Deep Inelastic Neutron Scattering from Liquid HELIUM-4

We have performed an extensive series of high resolution deep inelastic neutron scattering measurements on liquid ^4He at a number of high momentum transfers for several temperatures and densities in both the normal and superfluid phases. The primary goal of these measurements was to obtain information on the momentum distribution of liquid ^4He. The shape of the momentum distribution of liquid ^4 He in the superfluid phase is of fundamental interest since, according to our present theoretical understanding of superfluidity in bulk ^4He, a delta-function singularity at p = 0 should exist due to the Bose condensate. A secondary goal, motivated by our momentum distribution studies, was to investigate the nature of the corrections to the Impulse Approximation, called final state effects (FSE), in deep inelastic neutron scattering from liquid ^4 He.
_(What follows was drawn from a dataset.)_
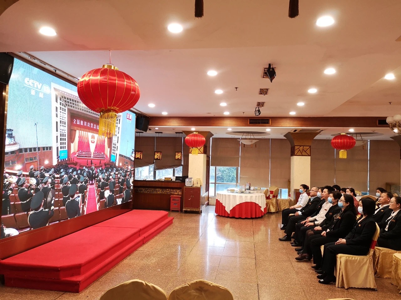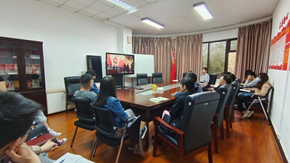 广西新华大酒店干部职工观看视频直播
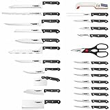 Set Includes One Six Star+ 14.5-inch Showtime All-Purpose Knife One Six Star+ 17.25-inch Carving Knife One Six Star+ 15-inch Large Filet Knife One Six Star+ 13.25-inch Bread & Bagel Knife One Six Star+ 13.125-inch Chef's Knife One Six Star+ 14.5-inch Saw Knife One Six Star+ 12.75-inch Boning Knife One Six Star+ 11.875-inch Sportsman Knife One Six Star+ 9.25-inch Chop 'n Serve One Six Star+ 11-inch Cheese Knife One Six Star+ 11.875-inch Cleaver One Six Star+ 11.75-inch Carving Fork One Six Star+ 9.375-inch Utility Knife Eight Six Star+ 9.25-inch Steak Knives One Six Star+ 7.75-inch Paring Knife One Six Star+ 7.75-inch Garnish Knife One Six Star+ 8.25-inch Poultry/Kitchen Shears One Six Star+ Knife Sharpener Read more

The observed Compton profiles, whose shape depends on both the underlying momentum distribution and FSE, have been analyzed under two complementary assumptions. Under the assumption that calculations of the momentum distribution using the Green's Function Monte Carlo method are accurate, we have used the low density scattering data to evaluate FSE theories and to extract the form of FSE corrections. At a momentum transfer of Q = 23A^{-1 }, we find that only recent theories due to Silver and Carraro and Koonin are consistent with the data. At lower values of Q, we find that no current theory describes the observed FSE completely. Under the assumption that the recent theory by Silver for FSE in liquid ^4He is accurate, we have compared the data at Q = 23A ^{-1} with theoretical calculations of the momentum distribution. We obtain excellent agreement between the theoretical calculations of the momentum distribution, Silver's theory for FSE, and the scattering data at all temperatures and densities in both phases. In addition, we have extracted information on the shape of the underlying momentum distribution, including the average kinetic energy and the condensate fraction. Our results provide strong evidence for a narrow component in the momentum distribution of the superfluid phase corresponding to the Bose condensate.